Perhaps she needs a different booster... like strattera. Yes, you can be on both. Our psychiatrist says that strattera alone usually isn't effective, but it can be paired with methylphenidate and/or other stims (it's a non-stimulant). Strattera is a build-up medication, but once it kicks in, it provides a 24/7 baseline. And it doesn't seem to affect appetite.
 

buddy

New Member
Quin did do another dose for years, BUT, they timed it for when dose one starts to reduce....at about six hours, so he took the 2nd dose at school, plus it was a small dose comparatively speaking. He took it at one o'clock. So it was worn down by nine for him. As I said, for him, it didn't affect hunger....he eats better because he can sit down and attend to the meal, lol. He also can take even ritalin, and fall asleep, so he is not typical that way.

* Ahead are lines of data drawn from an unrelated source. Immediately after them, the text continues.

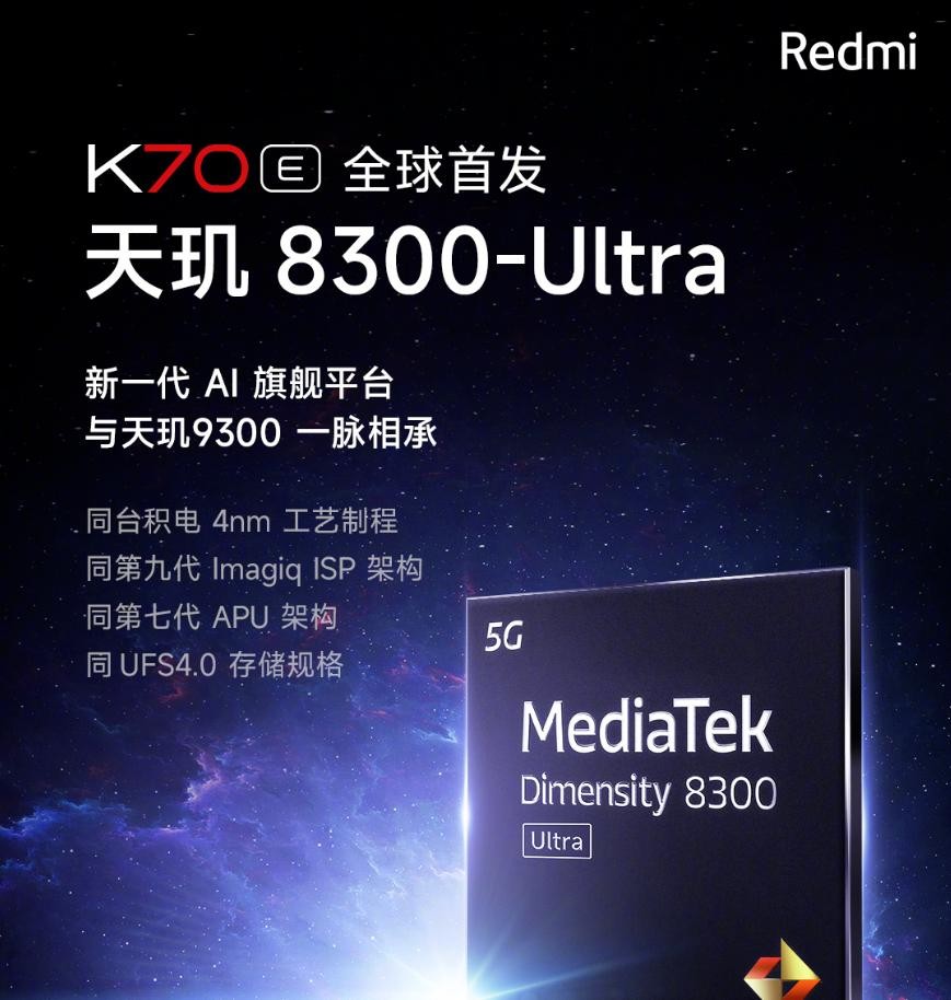 其实在发布会之前,很多人都猜到了,这次的天玑8300将会由红米进行首发,而在发布会上,红米官方也确认将由本月发布的红米K70E进行首发,甚至还在发布会上直接公布了惊人的跑分成绩和理论性能,这其实是放在过去不常见的,毕竟按照过去的惯例,中端芯片一般都会主要宣传自己的能效比有多好,直接像天玑8300这样公开表示性能有多好的,还是不常见的。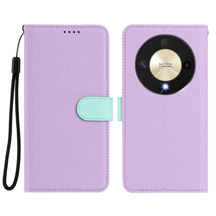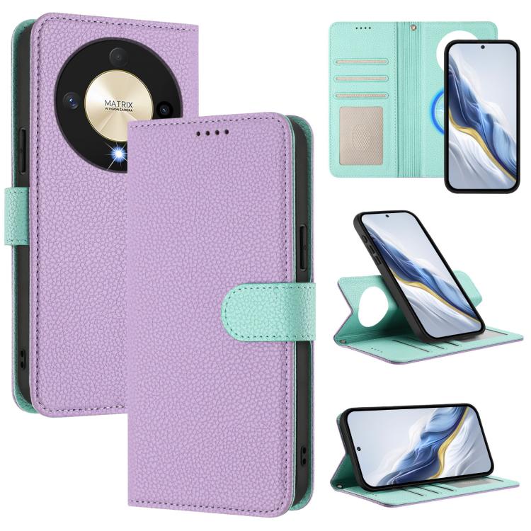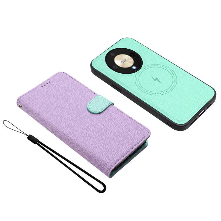 For Honor X9b / Magic6 Lite Detachable Litchi Texture Magnetic Vegan Leather Phone Case(Purple+Mint Green)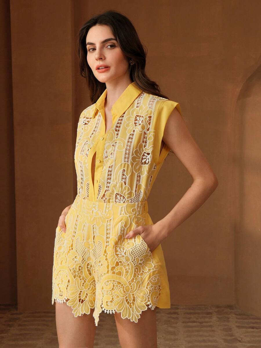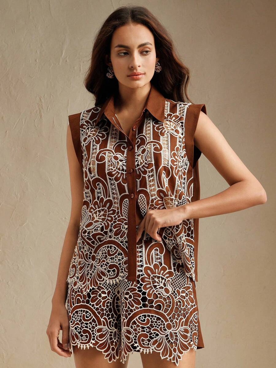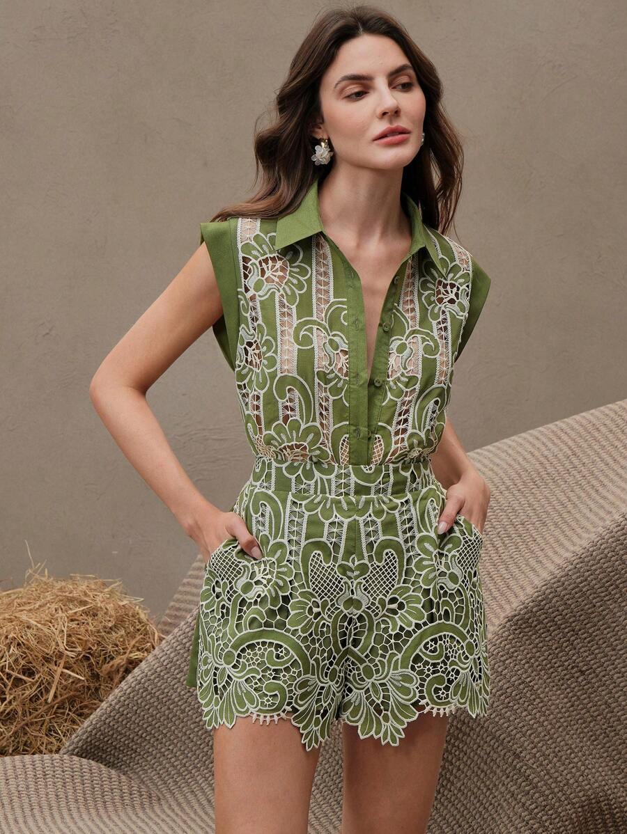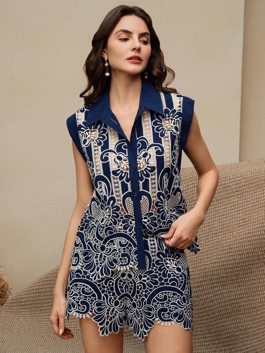 MIU Elegant Luxury Embroidered Lace Set, Inspired By "Old Money" Summer Vacation Style

But one day..like a Friday...of trying a low dose Concerta six hours after the first dose could be something to try...(the psychiatrist who did that worked at mayo on research about bioavailabiliy etc....it all made sense at the time and it worked)

Just increasing it will not extend the time it is effective as I understand it. The medication is more equal in how it is in the blood than taking short acting ritalin ....but it is not totally even....it is only 30% ish at the beginning and end....there are other long acting forms like a patch and others...so you can ask about that too.
 

StressedM0mma

Active Member
Thanks Buddy. That is what I thought. difficult child is positive she does not want to take the Concerta either. I would like to see her on it, but I am putting this in a C basket. I figure if she quits taking it, maybe she can see the difference and realize how helpful it has been. I didn't give it to her this morning, and we are having more of a battle than usual. So, we will see.